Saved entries

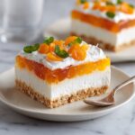 - Garnish and serve: Before serving, garnish the top with a sprinkle of orange zest or arrange mandarin orange segments to add a fresh, colorful touch. Cut into squares and enjoy.
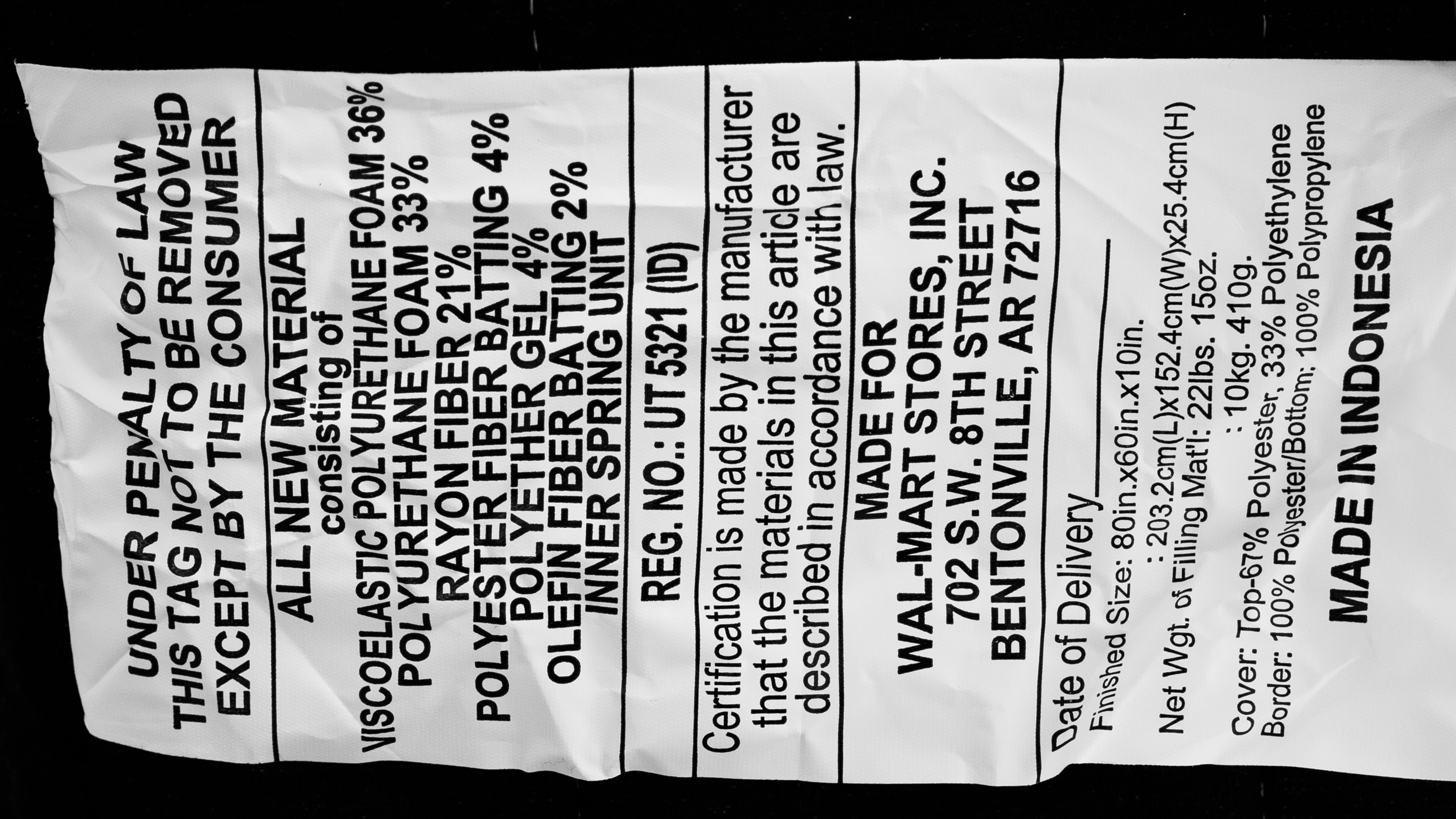 The Allswell Hybrid comes in only one Medium-Firm variant and is available in standard sizes, including Twin, Twin XL, Full, Queen, King, and California King. Here's a picture of our unit's label.
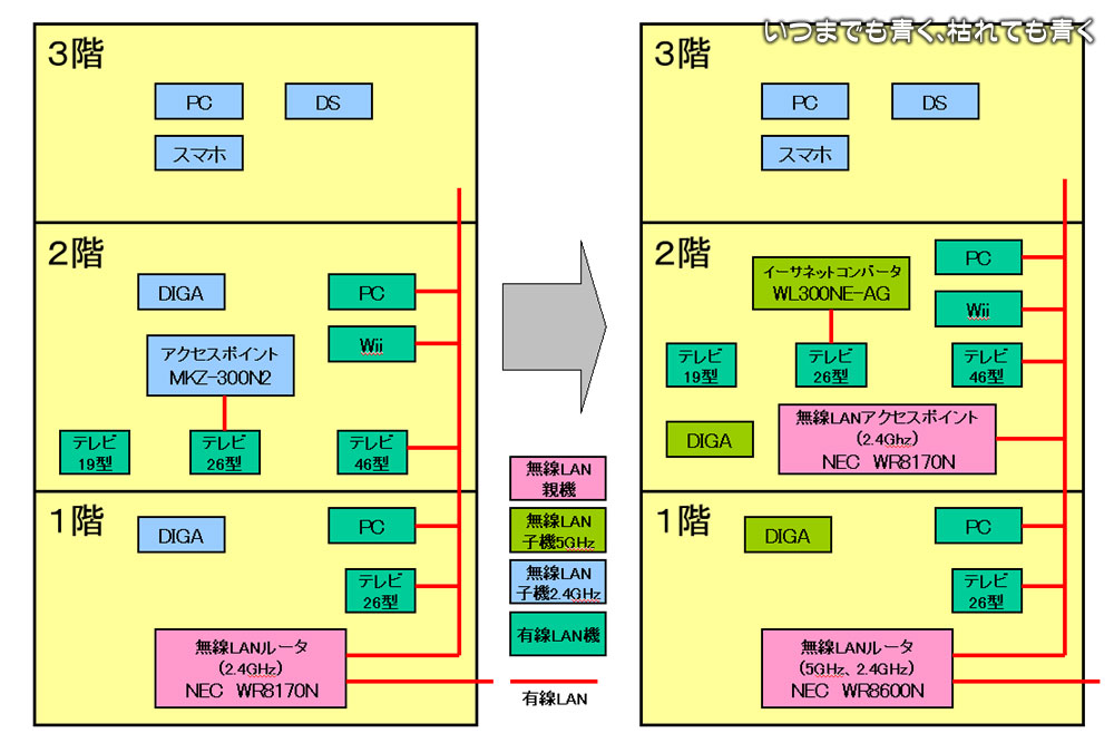 子機の設定は、DIGAのみ5GHz帯を使う設定にし直して、DIGAはWR8600Nと無線通信。あとの子機の設定はそのままにし、今まで通りWR8170Nと無線通信。WR8170Nは今までは1階に設置してあったのが2階に設置となったことで、2階、3階の電波状態は格段に改善されました。
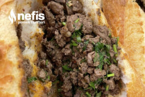 - Çıtır somun ekmeğimizi ikiye bölelim hafif tavanın yağına banalım ve içlerine ciğer dolduralım.
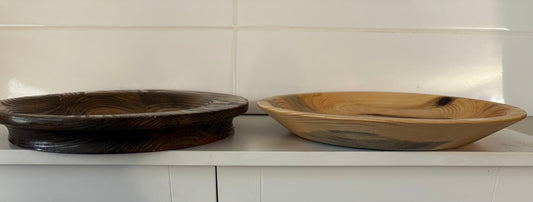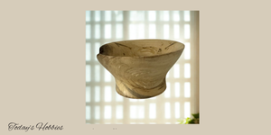 • Two wooden artisan home decor bowls with natural wood grain patterns from Today's Hobbies
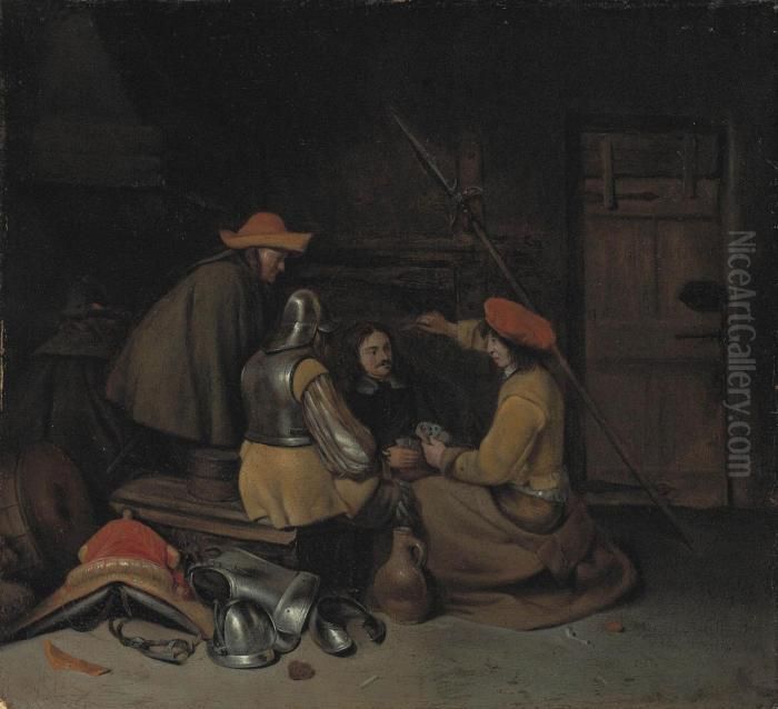 Bring the timeless beauty of Gerard Terborch's Soldiers Playing Cards In An Interior into your home with a handmade oil painting reproduction. Carefully recreated on canvas by skilled artists using traditional techniques, this piece captures the delicate brushwork, subtle light, and vibrant color of the original masterpiece. With museum-level quality and rich texture, it brings elegance and artistic depth to any space. Enjoy free shipping and make this masterpiece a part of your personal collection.

WORK TO COMPLETE: Your answer must consist only of the lines from the one containing "- Çıtır somun" through the end of the entries, restated word for word, with no pictures.

OUTPUT FOR THIS TASK:
 - Çıtır somun ekmeğimizi ikiye bölelim hafif tavanın yağına banalım ve içlerine ciğer dolduralım.
 • Two wooden artisan home decor bowls with natural wood grain patterns from Today's Hobbies
 Bring the timeless beauty of Gerard Terborch's Soldiers Playing Cards In An Interior into your home with a handmade oil painting reproduction. Carefully recreated on canvas by skilled artists using traditional techniques, this piece captures the delicate brushwork, subtle light, and vibrant color of the original masterpiece. With museum-level quality and rich texture, it brings elegance and artistic depth to any space. Enjoy free shipping and make this masterpiece a part of your personal collection.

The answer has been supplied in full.